These simple car maintenance checks could save you £1,000s
Kelly Newlands
Written By:
Kelly Newlands

Many drivers are unaware of how to conduct simple car maintenance checks to avoid safety hazards, research from Uswitch has found.

Over two-thirds – 67% – of drivers don’t know how to check their car’s battery health, the price comparison website’s research into car maintenance checks has revealed.

And fewer than one in four – 22% – check their battery before a long drive.

Checking a car’s battery health is important, as issues with batteries are the UK’s leading cause of breakdowns.

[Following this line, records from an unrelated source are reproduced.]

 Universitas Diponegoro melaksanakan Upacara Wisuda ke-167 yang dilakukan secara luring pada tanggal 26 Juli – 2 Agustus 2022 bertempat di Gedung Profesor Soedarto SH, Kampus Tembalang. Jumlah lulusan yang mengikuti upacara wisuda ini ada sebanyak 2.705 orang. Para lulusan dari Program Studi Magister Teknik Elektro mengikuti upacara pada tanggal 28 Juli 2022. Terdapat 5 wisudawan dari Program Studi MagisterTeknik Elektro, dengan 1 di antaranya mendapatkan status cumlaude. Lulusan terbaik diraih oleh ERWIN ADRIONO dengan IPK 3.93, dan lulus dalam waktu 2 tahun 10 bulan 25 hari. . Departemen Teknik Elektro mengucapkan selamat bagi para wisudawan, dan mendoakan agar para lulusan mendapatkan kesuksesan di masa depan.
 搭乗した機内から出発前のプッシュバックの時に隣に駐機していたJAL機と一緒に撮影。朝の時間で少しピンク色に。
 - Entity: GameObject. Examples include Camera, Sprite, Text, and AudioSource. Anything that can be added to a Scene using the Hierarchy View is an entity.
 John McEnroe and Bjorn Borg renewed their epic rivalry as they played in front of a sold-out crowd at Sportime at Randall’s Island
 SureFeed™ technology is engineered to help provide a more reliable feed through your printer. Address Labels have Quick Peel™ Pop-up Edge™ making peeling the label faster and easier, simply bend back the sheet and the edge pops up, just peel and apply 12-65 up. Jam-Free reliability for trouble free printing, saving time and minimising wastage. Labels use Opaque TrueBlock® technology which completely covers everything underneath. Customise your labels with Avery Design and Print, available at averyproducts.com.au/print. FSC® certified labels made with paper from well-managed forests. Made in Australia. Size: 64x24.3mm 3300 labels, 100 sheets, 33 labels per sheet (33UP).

Battery replacements can cost up to £400, so spotting the issues early can help save money at a time when a quarter of Brits are struggling to cope with the cost-of-living crisis.

And battery checks aren’t the only blind spot for drivers.

Almost two in five – 37% – drivers don’t know how to check their vehicle’s exterior lights are working properly and 61% don’t check them prior to undertaking a long drive.

It’s a legal requirement to have two working brake lights, and penalties can range from a verbal warning all the way to a £60 fine, three points on your driving licence or even your car being towed.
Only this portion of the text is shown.